**WORK TASK:** Below are the entries to work from; restate word for word the portion that opens with the line containing "Для организации питания" and closes with the line containing "1600 | 5000 |", keeping both.

**RECORDS FOR THE TASK:**
*** Begin section ***
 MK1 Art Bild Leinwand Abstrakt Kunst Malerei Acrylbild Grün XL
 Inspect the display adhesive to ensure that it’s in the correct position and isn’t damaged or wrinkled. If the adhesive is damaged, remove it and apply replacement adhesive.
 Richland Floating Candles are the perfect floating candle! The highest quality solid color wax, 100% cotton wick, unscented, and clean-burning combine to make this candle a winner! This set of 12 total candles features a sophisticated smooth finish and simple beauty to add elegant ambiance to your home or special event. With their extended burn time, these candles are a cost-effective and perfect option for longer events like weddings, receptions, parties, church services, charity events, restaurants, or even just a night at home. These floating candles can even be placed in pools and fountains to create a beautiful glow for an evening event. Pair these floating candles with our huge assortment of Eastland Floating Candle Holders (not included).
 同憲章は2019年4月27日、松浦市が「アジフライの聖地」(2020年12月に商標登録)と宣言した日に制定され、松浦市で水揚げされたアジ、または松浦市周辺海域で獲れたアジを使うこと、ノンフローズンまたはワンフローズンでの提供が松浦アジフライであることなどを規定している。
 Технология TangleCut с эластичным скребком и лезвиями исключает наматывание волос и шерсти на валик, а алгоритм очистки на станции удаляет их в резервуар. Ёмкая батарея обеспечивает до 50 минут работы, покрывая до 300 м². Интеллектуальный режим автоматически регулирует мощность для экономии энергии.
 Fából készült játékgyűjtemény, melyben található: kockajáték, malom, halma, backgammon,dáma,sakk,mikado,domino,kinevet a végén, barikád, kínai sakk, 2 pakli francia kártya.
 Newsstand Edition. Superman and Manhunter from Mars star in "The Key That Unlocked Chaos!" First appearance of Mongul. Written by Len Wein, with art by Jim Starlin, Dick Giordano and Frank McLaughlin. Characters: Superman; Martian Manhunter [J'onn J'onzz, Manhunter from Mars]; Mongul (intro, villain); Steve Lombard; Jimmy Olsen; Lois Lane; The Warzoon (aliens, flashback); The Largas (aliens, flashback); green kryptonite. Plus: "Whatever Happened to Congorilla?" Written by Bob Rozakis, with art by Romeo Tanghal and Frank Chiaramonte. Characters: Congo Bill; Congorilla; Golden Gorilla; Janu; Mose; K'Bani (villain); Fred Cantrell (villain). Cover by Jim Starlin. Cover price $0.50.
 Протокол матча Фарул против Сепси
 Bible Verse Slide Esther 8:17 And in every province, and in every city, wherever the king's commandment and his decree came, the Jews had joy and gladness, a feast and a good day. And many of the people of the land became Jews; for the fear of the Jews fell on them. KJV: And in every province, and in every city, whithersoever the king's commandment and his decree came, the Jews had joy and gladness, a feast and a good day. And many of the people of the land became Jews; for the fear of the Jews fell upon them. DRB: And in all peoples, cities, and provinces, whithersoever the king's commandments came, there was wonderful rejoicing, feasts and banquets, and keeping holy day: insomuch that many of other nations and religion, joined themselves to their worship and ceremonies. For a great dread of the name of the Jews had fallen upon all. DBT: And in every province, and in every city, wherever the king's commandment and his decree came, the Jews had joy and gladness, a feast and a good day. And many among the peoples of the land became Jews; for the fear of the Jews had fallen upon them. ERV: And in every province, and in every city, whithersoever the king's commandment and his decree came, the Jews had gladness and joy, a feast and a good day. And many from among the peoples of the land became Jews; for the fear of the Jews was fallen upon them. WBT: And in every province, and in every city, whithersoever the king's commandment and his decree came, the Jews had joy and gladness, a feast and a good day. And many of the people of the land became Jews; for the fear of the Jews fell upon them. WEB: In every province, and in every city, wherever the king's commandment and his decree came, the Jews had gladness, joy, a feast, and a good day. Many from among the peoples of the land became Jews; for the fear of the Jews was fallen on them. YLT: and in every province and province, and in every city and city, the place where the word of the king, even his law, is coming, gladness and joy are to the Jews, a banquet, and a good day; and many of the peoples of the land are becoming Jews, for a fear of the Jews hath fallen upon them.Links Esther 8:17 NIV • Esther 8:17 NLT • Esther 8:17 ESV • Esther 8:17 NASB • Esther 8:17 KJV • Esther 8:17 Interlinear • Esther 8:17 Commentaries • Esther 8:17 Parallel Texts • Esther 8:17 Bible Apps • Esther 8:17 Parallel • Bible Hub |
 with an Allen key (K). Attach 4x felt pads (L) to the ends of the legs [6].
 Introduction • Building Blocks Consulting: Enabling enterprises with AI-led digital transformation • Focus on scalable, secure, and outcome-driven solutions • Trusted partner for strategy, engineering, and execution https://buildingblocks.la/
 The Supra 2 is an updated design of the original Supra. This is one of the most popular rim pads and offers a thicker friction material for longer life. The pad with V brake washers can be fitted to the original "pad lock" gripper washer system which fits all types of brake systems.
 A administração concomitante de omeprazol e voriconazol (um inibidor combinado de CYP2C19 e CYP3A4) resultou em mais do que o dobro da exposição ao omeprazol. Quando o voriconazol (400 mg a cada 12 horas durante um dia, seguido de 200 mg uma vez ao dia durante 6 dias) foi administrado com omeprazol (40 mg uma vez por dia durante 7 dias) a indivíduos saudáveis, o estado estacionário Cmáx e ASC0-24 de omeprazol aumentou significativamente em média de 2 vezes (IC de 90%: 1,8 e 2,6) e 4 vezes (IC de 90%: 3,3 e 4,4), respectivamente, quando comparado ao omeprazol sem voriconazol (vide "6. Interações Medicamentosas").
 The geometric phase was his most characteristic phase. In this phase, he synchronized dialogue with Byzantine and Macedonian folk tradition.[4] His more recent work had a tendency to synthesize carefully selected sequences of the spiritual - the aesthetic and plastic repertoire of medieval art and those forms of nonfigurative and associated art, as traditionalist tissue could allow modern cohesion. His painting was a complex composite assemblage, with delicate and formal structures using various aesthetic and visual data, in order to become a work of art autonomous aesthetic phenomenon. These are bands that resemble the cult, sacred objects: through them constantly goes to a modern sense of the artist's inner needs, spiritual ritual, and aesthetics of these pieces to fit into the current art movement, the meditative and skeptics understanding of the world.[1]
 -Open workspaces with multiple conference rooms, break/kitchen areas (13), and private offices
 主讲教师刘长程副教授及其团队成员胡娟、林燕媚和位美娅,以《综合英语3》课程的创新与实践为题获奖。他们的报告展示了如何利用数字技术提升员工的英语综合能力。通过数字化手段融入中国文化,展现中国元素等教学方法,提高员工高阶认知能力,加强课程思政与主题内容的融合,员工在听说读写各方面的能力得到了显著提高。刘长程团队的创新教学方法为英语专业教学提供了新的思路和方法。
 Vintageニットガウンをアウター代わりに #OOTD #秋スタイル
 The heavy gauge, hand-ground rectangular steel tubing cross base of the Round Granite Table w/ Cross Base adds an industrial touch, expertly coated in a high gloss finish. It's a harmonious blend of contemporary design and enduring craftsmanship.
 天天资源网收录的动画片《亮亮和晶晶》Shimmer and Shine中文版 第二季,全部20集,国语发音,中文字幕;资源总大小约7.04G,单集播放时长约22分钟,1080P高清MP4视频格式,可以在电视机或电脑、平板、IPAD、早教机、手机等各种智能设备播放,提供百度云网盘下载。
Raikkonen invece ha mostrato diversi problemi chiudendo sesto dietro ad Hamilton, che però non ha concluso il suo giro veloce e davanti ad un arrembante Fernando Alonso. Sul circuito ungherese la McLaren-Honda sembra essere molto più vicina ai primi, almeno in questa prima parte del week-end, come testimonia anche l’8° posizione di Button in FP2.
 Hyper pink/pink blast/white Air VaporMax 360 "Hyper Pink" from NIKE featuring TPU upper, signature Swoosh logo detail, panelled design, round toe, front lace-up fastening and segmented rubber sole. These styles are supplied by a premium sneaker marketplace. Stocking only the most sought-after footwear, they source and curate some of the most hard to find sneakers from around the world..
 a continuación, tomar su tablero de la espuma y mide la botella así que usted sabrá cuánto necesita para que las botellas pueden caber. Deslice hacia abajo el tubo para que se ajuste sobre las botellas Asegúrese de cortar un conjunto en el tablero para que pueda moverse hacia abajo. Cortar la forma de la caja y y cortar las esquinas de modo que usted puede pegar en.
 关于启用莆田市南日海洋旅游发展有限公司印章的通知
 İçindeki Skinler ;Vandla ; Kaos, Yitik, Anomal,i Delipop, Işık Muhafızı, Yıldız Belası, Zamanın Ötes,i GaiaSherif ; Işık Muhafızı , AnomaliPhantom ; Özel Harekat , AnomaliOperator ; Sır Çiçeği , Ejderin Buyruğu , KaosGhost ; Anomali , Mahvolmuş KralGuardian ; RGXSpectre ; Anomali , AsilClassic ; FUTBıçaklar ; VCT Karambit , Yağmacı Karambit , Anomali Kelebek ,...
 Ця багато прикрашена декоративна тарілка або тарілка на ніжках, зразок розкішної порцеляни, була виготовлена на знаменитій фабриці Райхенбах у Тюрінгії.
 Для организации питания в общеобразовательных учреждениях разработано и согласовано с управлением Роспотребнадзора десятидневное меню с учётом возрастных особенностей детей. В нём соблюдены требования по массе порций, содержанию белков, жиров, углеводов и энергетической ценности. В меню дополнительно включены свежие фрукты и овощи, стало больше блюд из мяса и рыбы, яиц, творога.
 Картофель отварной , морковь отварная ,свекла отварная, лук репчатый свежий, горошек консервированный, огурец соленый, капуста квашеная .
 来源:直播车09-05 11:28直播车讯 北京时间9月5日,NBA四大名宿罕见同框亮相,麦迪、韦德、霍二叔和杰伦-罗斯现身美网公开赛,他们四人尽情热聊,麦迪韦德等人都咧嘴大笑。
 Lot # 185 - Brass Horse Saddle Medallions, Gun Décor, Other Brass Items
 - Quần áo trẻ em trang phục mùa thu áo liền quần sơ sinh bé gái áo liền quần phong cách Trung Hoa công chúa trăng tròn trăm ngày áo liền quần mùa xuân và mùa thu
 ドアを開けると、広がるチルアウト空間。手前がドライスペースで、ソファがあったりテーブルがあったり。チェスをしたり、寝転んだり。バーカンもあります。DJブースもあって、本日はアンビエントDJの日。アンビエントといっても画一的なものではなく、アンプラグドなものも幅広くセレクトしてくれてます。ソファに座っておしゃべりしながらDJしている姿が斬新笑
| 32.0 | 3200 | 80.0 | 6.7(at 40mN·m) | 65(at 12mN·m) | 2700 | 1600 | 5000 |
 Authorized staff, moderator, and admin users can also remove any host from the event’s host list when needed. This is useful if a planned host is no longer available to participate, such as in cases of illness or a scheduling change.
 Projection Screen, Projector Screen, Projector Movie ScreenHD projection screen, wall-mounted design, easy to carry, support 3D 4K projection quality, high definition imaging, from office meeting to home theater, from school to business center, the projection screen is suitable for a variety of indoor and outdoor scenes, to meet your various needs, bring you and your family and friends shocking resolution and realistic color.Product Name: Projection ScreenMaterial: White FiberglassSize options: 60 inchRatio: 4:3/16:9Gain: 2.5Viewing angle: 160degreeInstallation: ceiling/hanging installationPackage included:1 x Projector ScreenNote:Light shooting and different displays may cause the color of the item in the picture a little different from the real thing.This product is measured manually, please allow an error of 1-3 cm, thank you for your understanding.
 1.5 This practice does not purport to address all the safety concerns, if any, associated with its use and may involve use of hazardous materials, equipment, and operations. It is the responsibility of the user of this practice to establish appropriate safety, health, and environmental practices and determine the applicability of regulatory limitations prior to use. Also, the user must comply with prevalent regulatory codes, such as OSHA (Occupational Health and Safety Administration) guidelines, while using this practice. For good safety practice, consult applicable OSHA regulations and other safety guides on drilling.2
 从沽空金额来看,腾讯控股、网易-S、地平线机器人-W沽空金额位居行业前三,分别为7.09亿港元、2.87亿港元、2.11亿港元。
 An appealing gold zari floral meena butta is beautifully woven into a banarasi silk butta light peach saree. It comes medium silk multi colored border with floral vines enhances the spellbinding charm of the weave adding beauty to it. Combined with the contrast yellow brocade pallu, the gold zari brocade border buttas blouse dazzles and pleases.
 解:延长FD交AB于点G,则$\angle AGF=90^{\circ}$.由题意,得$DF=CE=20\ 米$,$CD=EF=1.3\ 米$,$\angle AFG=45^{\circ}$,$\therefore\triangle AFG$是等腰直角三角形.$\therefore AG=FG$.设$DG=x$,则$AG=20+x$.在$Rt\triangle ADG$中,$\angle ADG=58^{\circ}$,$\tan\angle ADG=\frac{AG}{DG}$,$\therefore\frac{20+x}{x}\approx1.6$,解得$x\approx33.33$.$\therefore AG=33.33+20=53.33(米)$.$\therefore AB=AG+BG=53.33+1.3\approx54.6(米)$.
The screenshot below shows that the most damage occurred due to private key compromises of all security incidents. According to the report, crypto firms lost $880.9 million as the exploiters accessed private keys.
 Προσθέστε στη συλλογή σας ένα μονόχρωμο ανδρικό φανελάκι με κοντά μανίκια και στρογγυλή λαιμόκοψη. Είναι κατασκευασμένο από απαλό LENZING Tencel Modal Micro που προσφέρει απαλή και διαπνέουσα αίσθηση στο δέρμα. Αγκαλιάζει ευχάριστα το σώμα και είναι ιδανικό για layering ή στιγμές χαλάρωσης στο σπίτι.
*** End section ***
**OUTPUT:**
 Для организации питания в общеобразовательных учреждениях разработано и согласовано с управлением Роспотребнадзора десятидневное меню с учётом возрастных особенностей детей. В нём соблюдены требования по массе порций, содержанию белков, жиров, углеводов и энергетической ценности. В меню дополнительно включены свежие фрукты и овощи, стало больше блюд из мяса и рыбы, яиц, творога.
 Картофель отварной , морковь отварная ,свекла отварная, лук репчатый свежий, горошек консервированный, огурец соленый, капуста квашеная .
 来源:直播车09-05 11:28直播车讯 北京时间9月5日,NBA四大名宿罕见同框亮相,麦迪、韦德、霍二叔和杰伦-罗斯现身美网公开赛,他们四人尽情热聊,麦迪韦德等人都咧嘴大笑。
 Lot # 185 - Brass Horse Saddle Medallions, Gun Décor, Other Brass Items
 - Quần áo trẻ em trang phục mùa thu áo liền quần sơ sinh bé gái áo liền quần phong cách Trung Hoa công chúa trăng tròn trăm ngày áo liền quần mùa xuân và mùa thu
 ドアを開けると、広がるチルアウト空間。手前がドライスペースで、ソファがあったりテーブルがあったり。チェスをしたり、寝転んだり。バーカンもあります。DJブースもあって、本日はアンビエントDJの日。アンビエントといっても画一的なものではなく、アンプラグドなものも幅広くセレクトしてくれてます。ソファに座っておしゃべりしながらDJしている姿が斬新笑
| 32.0 | 3200 | 80.0 | 6.7(at 40mN·m) | 65(at 12mN·m) | 2700 | 1600 | 5000 |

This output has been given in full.